Unnamed: 0,subjectID,surveyCategory,assessmentTotal,irrelevantCol1,irrelevantCol2
0,1,withdrawal behavior,5.0,irrel1,irrel2
1,1,positive re-framing,2.0,irrel1,irrel2
2,2,withdrawal behavior,3.0,irrel1,irrel2
3,2,positive re-framing,4.0,irrel1,irrel2


We specify our operations in our common manner, using quoted expressions which are then parsed.

In [3]:
scale = 0.237

ops = data_algebra.data_ops.describe_table(d, 'd'). \
    extend({'probability': f'(assessmentTotal * {scale}).exp()'}). \
    extend({'total': 'probability.sum()'},
           partition_by=['subjectID']). \
    extend({'probability': 'probability/total'}). \
    extend({'row_number': '(1).cumsum()'},
           partition_by=['subjectID'],
           order_by=['probability'], reverse=['probability']). \
    select_rows('row_number == 1'). \
    select_columns(['subjectID', 'surveyCategory', 'probability']). \
    rename_columns({'diagnosis': 'surveyCategory'})
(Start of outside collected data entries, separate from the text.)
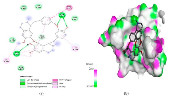 For the caspase-9 target protein, the best phytochemical limonin with a binding affinity of −10.5 kcal/mol interacted with LeuA:177, ArgA:178, GlyA:238, TrpA:354, and ArgA:355 amino acids of the active pocket (Figure 3). Two conventional H-bonds (i.e., GlyA:238 and ArgA:355) were observed in this complex. Similarly, the second best phytochemical obamegine showed interactions with LeuA:244, PheA:246, AsnA:265, LeuA:335, ProA:336, and ProA:338 residues of the active site (Figure 4). Two conventional H-bonds (i.e., AsnA:265 and ProA:336) were also observed in this complex. The remaining phytochemicals, i.e., liquoric acid, 3-O-caffeoyloleanolic acid, and botulin, also showed strong binding interactions to the amino acids of the caspase-9 active site (Figures S4–S6). Among the best-selected phytochemicals, the compounds liquoric acid, limonin, berbamine, isotetrandrine, and obamegine showed strong interactions with both receptor proteins (i.e., EGFR and caspase-9).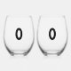 The number zero (0) in black stemless wine glass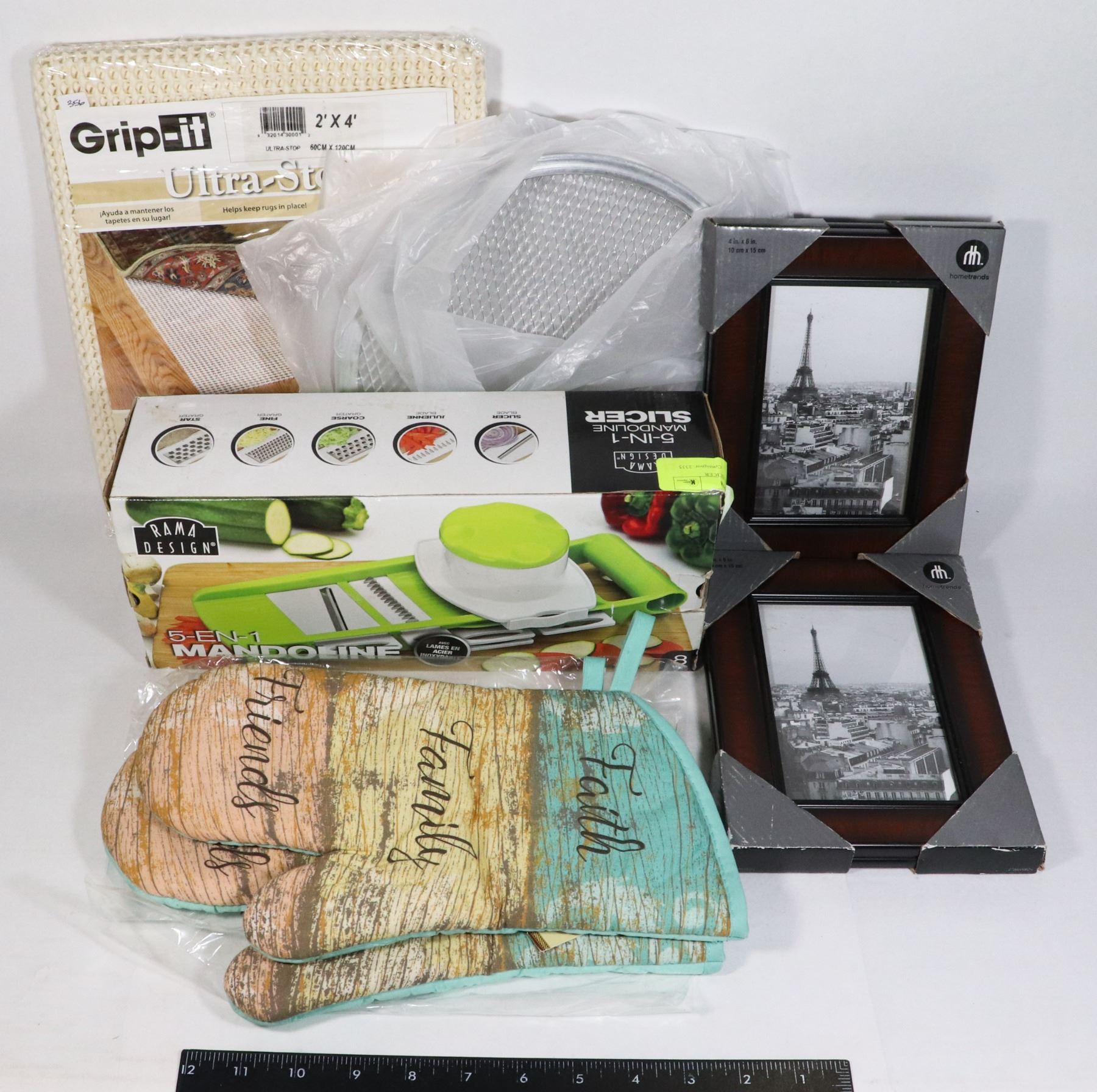TWO NEW PICTURE FRAMES, 2' X 4' NON SLIP CARPET UNDERLAY, AND MORE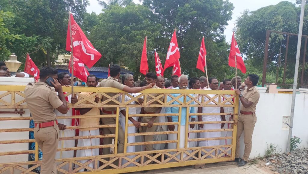 கே. சித்தார்த்தன் ,வி. அம்பிகாபதி,A. வெற்றியழகன் ஆகியோர் விளக்க உரை ஆற்றிட மற்றும் பல அகில இந்திய விவசாய தொழிலாளர் சங்கத்தினர் கலந்து கொண்டனர். இறுதியில் கோரிக்கைகளை நிறைவேற்றி கொடுத்திட கண்டன கோஷங்கள் எழுப்பப்பட்டன.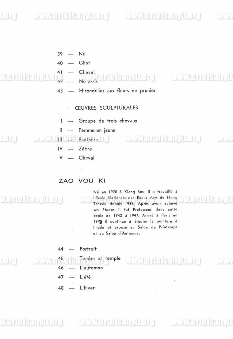 Né dans la province de Se Tchouan en 1904 SAN Yu alla au Japon dès sa jeunesse pour apprendre la peinture à l’huile, puis vint en France où il vit depuis une vingtaine d’années. Autodidactique, il possède un art d’une rare pureté ; la sobriété de ses couleurs - rouge, blanc, noir - rappelle les procédés des peintres chinois traditionnels. On voit souvent ses tableaux aux divers Salons parisiens. Il est actuellement en route pour l’Amérique où il compte rester un an.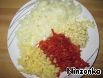• Лук, чеснок, помидоры и имбирный корень мелко нарезаем.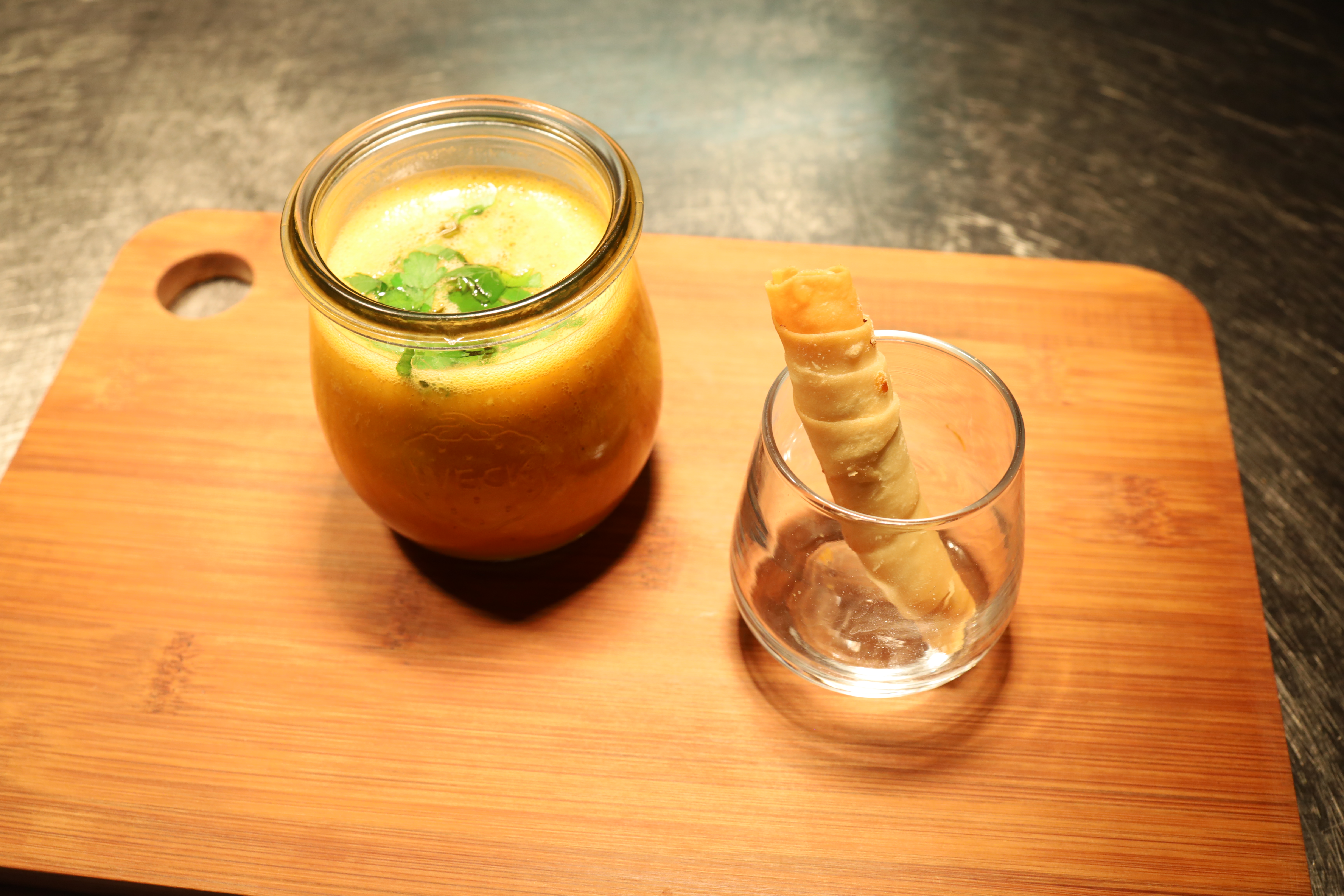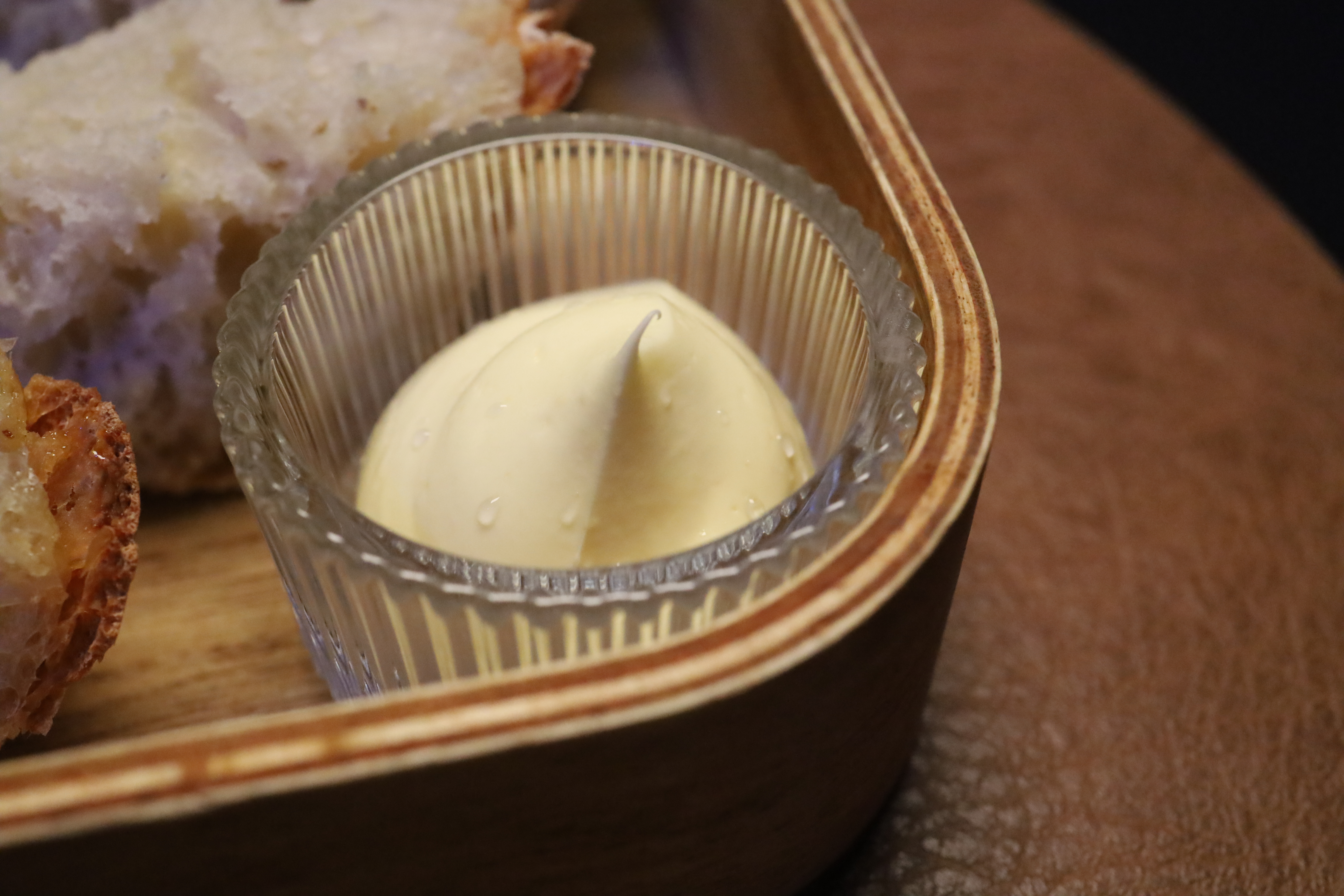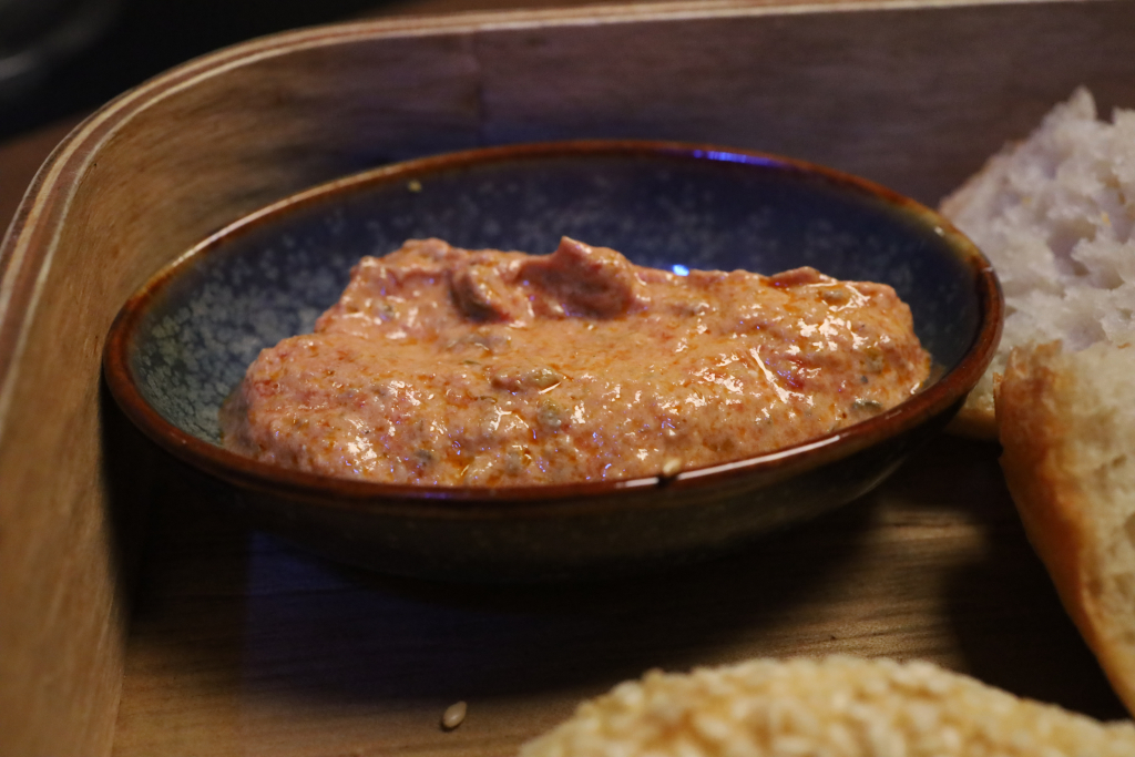 Dazu eine geschlagene Salzbutter, luftig, fast schon mousseartig, mit angenehmer Balance sowie eine tomaten-paprikabasierte Creme mit feiner Knoblauchnote.

This produces an operator pipeline that can be used on Pandas data frames.

In [4]:
ops.transform(d)

Unnamed: 0,subjectID,diagnosis,probability
0,1,withdrawal behavior,0.670622
1,2,positive re-framing,0.558974


The operators can also be translated into SQL for use in large data stores.

In [5]:
handle = data_algebra.BigQuery.BigQueryModel().db_handle(conn=None)

sql = handle.to_sql(ops)

print(sql)

-- data_algebra SQL https://github.com/WinVector/data_algebra
--  dialect: BigQueryModel 1.6.5
--       string quote: "
--   identifier quote: `
WITH
 `table_reference_0` AS (
  SELECT
   `subjectID` ,
   `surveyCategory` ,
   `assessmentTotal`
  FROM
   `d`
 ) ,
 `extend_1` AS (
  SELECT  -- .extend({ 'probability': '(assessmentTotal * 0.237).exp()'})
   `subjectID` ,
   `surveyCategory` ,
   EXP(`assessmentTotal` * 0.237) AS `probability`
  FROM
   `table_reference_0`
 ) ,
 `extend_2` AS (
  SELECT  -- .extend({ 'total': 'probability.sum()'}, partition_by=['subjectID'])
   `subjectID` ,
   `surveyCategory` ,
   `probability` ,
   SUM(`probability`) OVER ( PARTITION BY `subjectID`  )  AS `total`
  FROM
   `extend_1`
 ) ,
 `extend_3` AS (
  SELECT  -- .extend({ 'probability': 'probability / total'})
   `subjectID` ,
   `surveyCategory` ,
   `probability` / `total` AS `probability`
  FROM
   `extend_2`
 ) ,
 `extend_4` AS (
  SELECT  -- .extend({ 'row_number': '(1).cumsum()'}, partition

We can also build up operation pipelines without using quoted expressions.
This is by using the `d_.c` "column" notation to access column definitions, and the `val()` "value" notation to
inject values (only needed when we are not interacting values with columns, otherwise
we can use values directly).

The above pipeline can be specified in that manner as follows.

In [6]:
scale = 0.237

ops2 = (
    descr(d=d)
        .extend({"probability": (d_.assessmentTotal * scale).exp()})
        .extend({"total": d_.probability.sum()}, partition_by=["subjectID"])
        .extend({"probability": d_.probability / d_.total})
        .extend(
            {"row_number": one.cumsum()},
            partition_by=["subjectID"],
            order_by=["probability"],
            reverse=["probability"],
        )
        .select_rows(d_.row_number == 1)
        .select_columns(
            ["subjectID", "surveyCategory", "probability"])
        .rename_columns({"diagnosis": "surveyCategory"})
)

In [7]:
ops2

(
    TableDescription(
        table_name="d",
        column_names=[
            "subjectID",
            "surveyCategory",
            "assessmentTotal",
            "irrelevantCol1",
            "irrelevantCol2",
        ],
    )
    .extend({"probability": "(assessmentTotal * 0.237).exp()"})
    .extend({"total": "probability.sum()"}, partition_by=["subjectID"])
    .extend({"probability": "probability / total"})
    .extend(
        {"row_number": "(1).cumsum()"},
        partition_by=["subjectID"],
        order_by=["probability"],
        reverse=["probability"],
    )
    .select_rows("row_number == 1")
    .select_columns(["subjectID", "surveyCategory", "probability"])
    .rename_columns({"diagnosis": "surveyCategory"})
)


In [8]:
ops2.transform(d)


Unnamed: 0,subjectID,diagnosis,probability
0,1,withdrawal behavior,0.670622
1,2,positive re-framing,0.558974


The idea is, in this mode expressions are specified without the need for quotes around column names.